Visual Interjections

Model-initiated responses triggered by observed visual events, not by audio or text cues.

Year: 2025Generality: 520Added: May 12, 2026
Back to Vocab

Visual interjections are model-initiated responses triggered by observed changes or events in the video stream — not by audio or text cues. Unlike verbal interjections, which are spoken contributions during user speech, visual interjections can take any output form: the model might speak, generate text, produce a UI element, or trigger a tool. The defining characteristic is that the trigger originates from the visual channel rather than from any explicit user request or verbal cue. For example, if a user asks the model to "tell me when I write a bug in my code" while sharing their screen, the model must observe the code being written and respond proactively when it detects a bug — without the user pausing or explicitly prompting the response.

This capability is impossible in systems that process audio and video through separate harnesses and only respond to complete audio turns. A voice-activity-detection-based dialog manager that waits for silence before invoking the model cannot respond to a visual event that occurs during active speech. The model must be continuously processing the video stream in parallel with all other inputs and outputs, which requires the same time-aligned micro-turn architecture that enables full-duplex audio interaction.

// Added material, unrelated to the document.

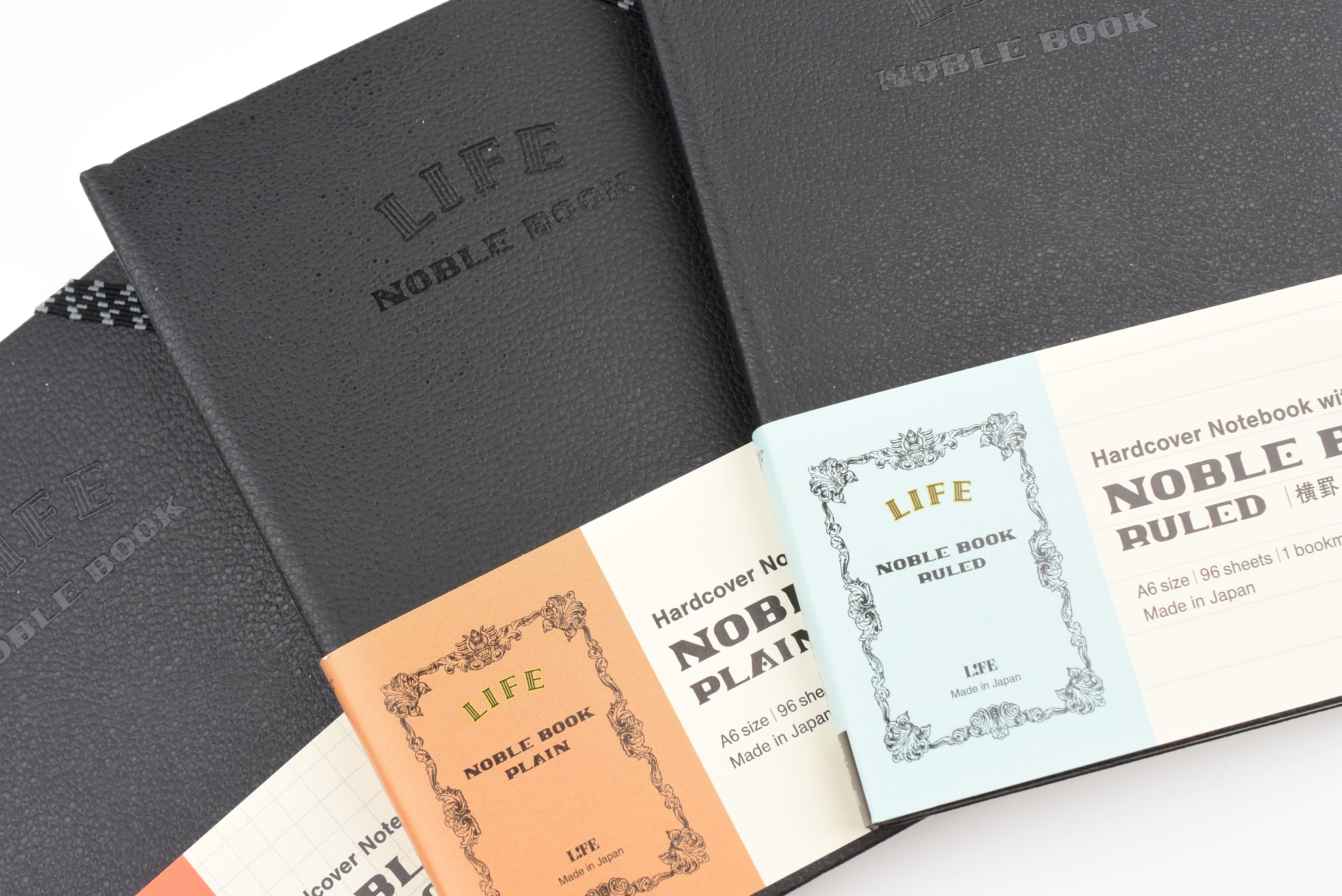 The premium Life "Noble" paper is now available as hardcover notebooks! The durable hardcover makes them perfect for journaling purposes or everyday-carry notebooks at work. These notebooks also come with elastic twill bands that can be used to keep the books closed. This fountain pen friendly paper is rounded on four corners to give it a premium touch, and dyed on the edges with signature colors corresponding to Life's Noble series: Orange(Grid), Brown(Plain), and Blue(Ruled). These notebooks are also available in sizes including A5 and A6.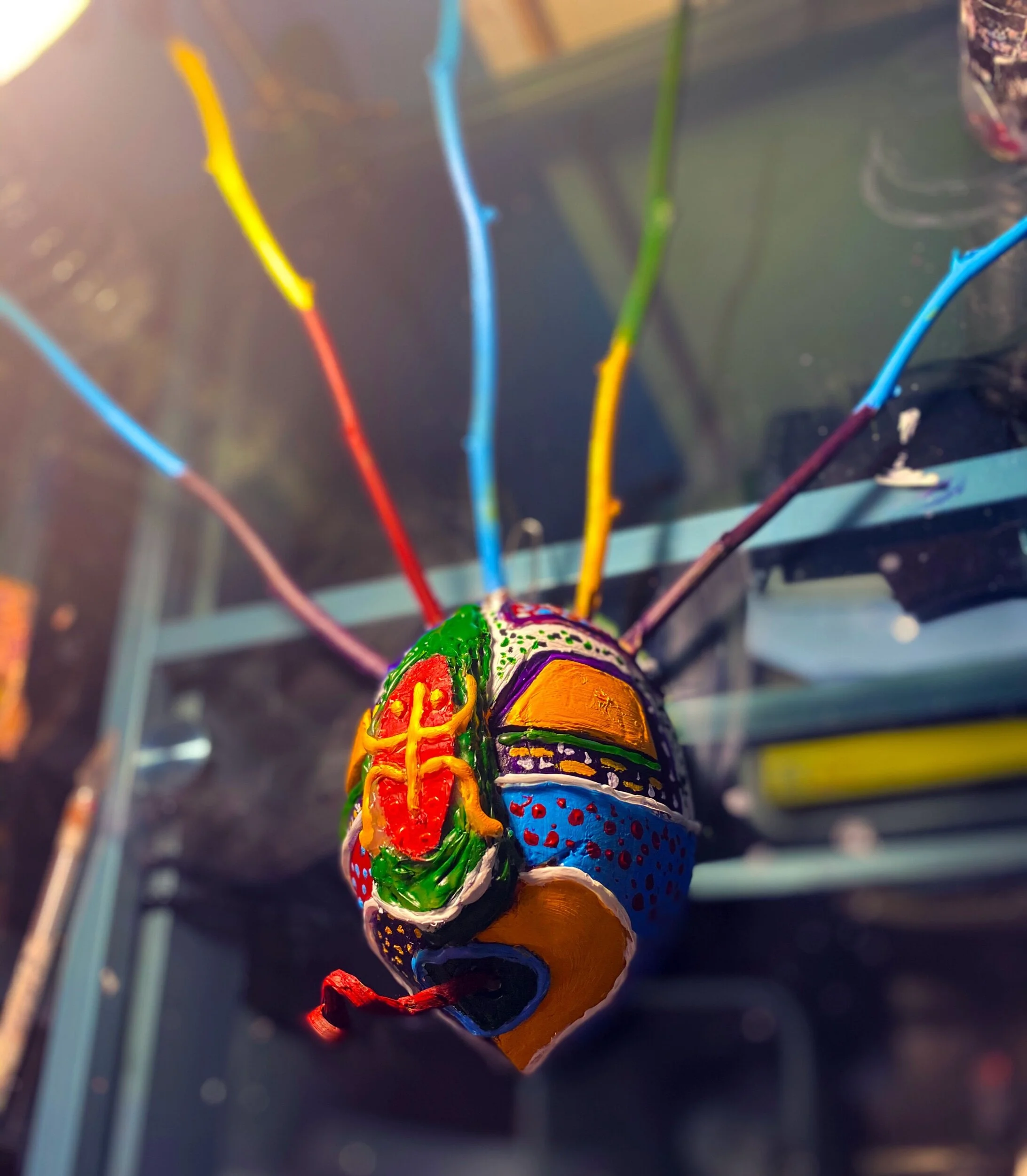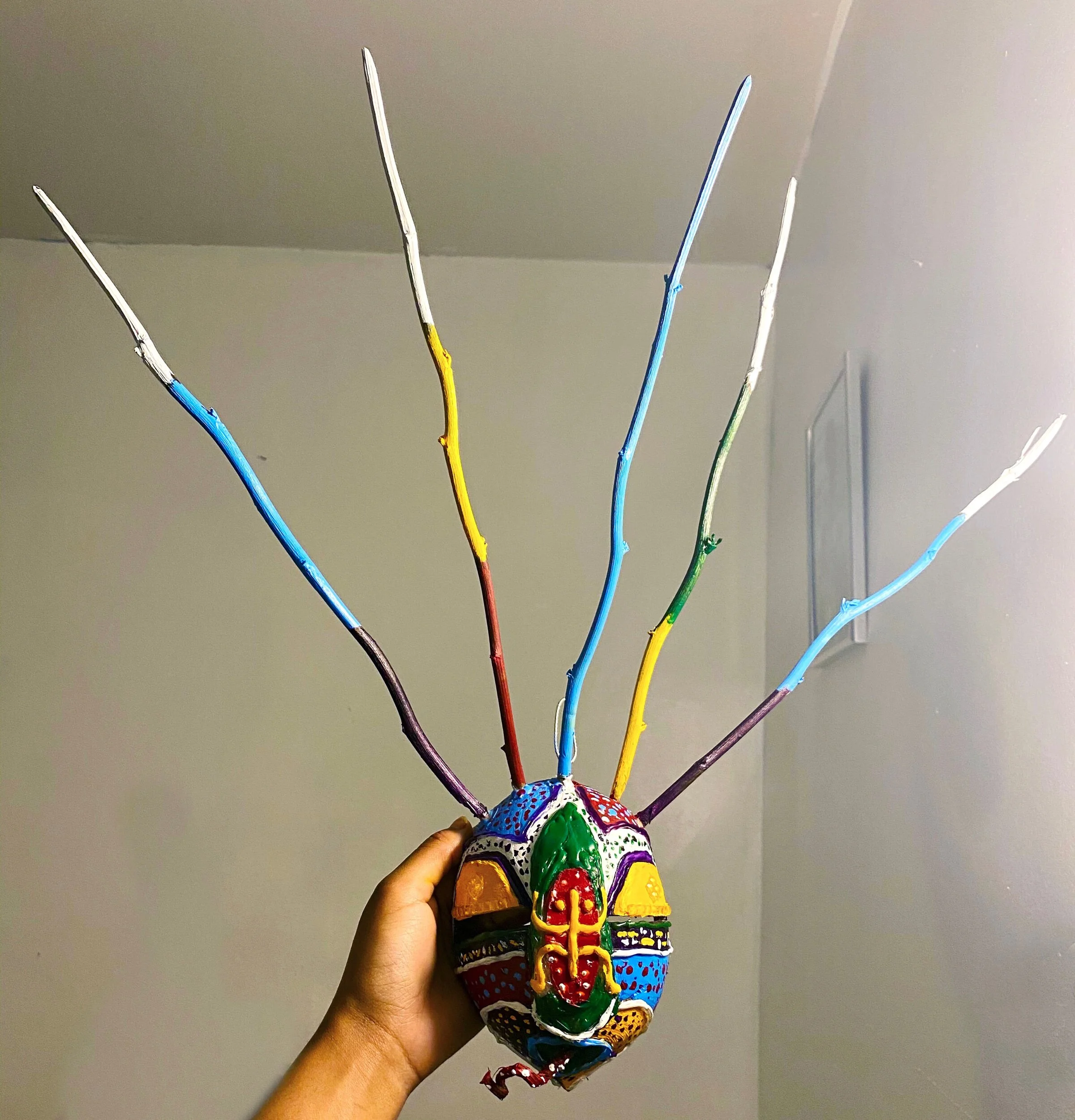 This series will showcase the unique styles of my mask sculptures influenced by the Vejigantes made of coconut from Loiza, Puerto Rico. All masks in this series are made from coconut and found objects from the earth.

The most capable demonstrations of visual interjections include: proactive notification when a specific visual event occurs (counting reps while someone exercises, alerting when a chart shows a specific pattern), real-time commentary on shared visual content (sports game narration, live tutorial guidance), and visual error correction (flagging a miswritten line of code as it appears). The RepCount-A and ProactiveVideoQA benchmarks are designed to measure this capability, and current frontier models perform near-zero on these benchmarks — indicating that this is a genuine capability gap rather than a solved problem.

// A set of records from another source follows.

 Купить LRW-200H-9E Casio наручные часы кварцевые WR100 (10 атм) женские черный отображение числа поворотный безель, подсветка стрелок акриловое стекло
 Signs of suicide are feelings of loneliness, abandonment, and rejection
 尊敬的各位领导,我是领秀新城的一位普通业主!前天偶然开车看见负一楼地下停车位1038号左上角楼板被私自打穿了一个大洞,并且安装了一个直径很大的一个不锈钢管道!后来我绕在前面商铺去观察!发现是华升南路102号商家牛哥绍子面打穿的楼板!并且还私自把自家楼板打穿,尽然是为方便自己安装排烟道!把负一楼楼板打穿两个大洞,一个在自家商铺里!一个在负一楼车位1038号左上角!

Visual interjections raise the stakes for safety and calibration. A model that watches a video stream continuously is in a fundamentally different relationship with the user's visual environment than a model that only processes explicit requests. The potential for unintended observation, the question of when the model should and should not comment on what it sees, and the calibration of proactive versus reactive behavior in the visual domain are all active areas of research.